I’m more about process and skills than facts, especially given that for many of my students, I’m really or practically their first science teacher, and I’d rather lay the foundation of skills to help them succeed in future science classes than pound their heads with details to memorize.  But I have to say, I’m a little horrified by the kiddies’ inability to memorize anything – I mean, there are some things you’ve just got to learn – life is not entirely free of memorization – and it’s such an uphill battle it’s ridiculous.  This week, I told them they had to learn six numbers by heart: human body temperature and the freezing and boiling points of water, in both Celsius and Fahrenheit.  I think these are good numbers for an educated person to know, and why not learn them now, while we’re studying temperature and weather?  But, oh boy, the quiz results were awful!  What they don’t know (yet) is that I’m going to give them those questions on a quiz again next week… and the week after… until they buckle down and stick the six numbers firmly in their brains.

It would probably be easier for them to remember if they had the experience of boiling water and measuring its temperature, but honestly at this point I’d rather they just put in the effort necessary to memorize from flashcards, given that they’ve been warned they need to know these things.  Sometimes I feel like above all, I’m trying to teach them some evolutionary skills that will keep them from being selected out of the educational pool: if that makes any sense as a metaphor.

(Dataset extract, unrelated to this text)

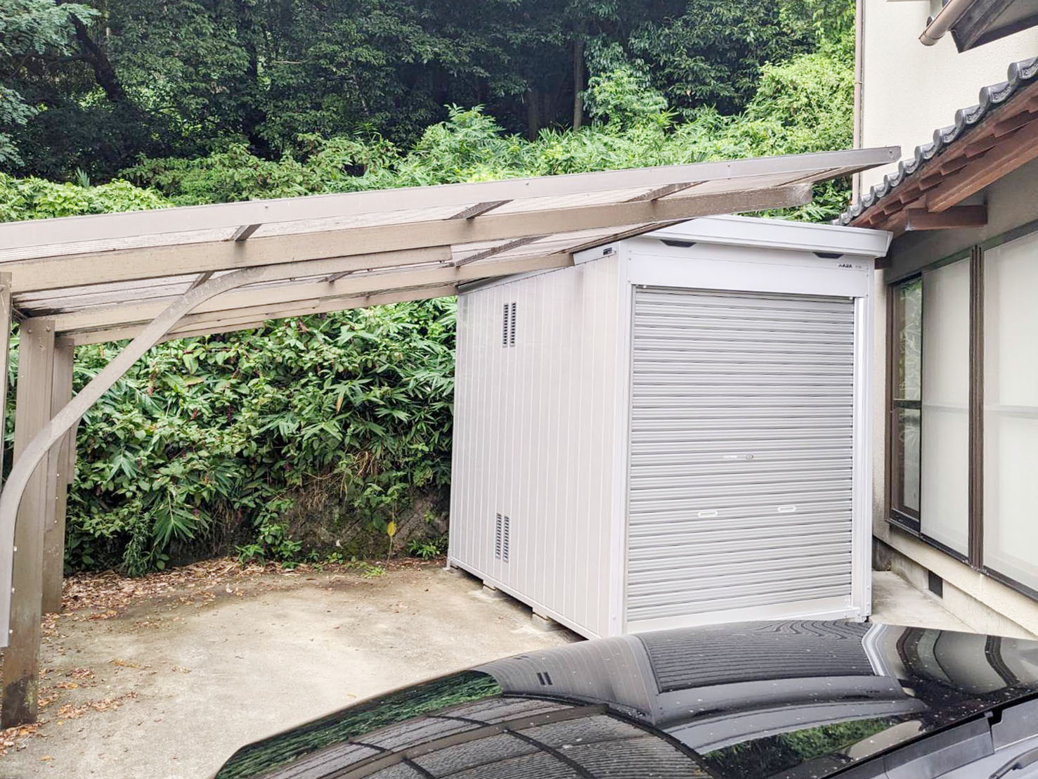 Y様の大切な愛車を保管するバイク専用ガレージも新設。

Meanwhile, I’ve created a schedule and have two students from each class take a bag of weather instruments outside each day to record the temperature, air pressure, humidity, and more.  It’s only been a few days, and so far I would have to classify this as an unmitigated disaster.  The first day, a student ran up and jumped on her friend, who happened to be making observations at the time, and of course when she landed, she landed squarely on one of the two barometers, crushing and twisting it.  We had one day of more-or-less success, and then today, I got the bag back after lunch to find that the plastic lid had come off the thermometer – which would be fixable except that the metal ring that snaps over it was gone, along with the cap to the marker I’d put in the bag for them to write with.  I’m irritated with the kids because I don’t think it’s that hard to do this task without breaking or losing anything; I’m irritated with FOSS for giving us cheap instruments that break so easily.  I don’t have enough time to go outside with the kids everyday to make sure they are responsible, and since I’m not there, no one claims responsibility when things get lost or broken.  Grrr.

But it’s not all frustration; we did a fun experiment today, building a balance out of straws, then attaching two balloons and bursting one, to show that air has mass.  I thought it was too difficult to pull off with kids when we teachers struggled with it in FOSS training, but it turned out to work very well (the kids were supposed to design the balance idea themselves, which almost none could do, but once I showed them my set-up, they seemed to understand the concept well and enjoyed building it).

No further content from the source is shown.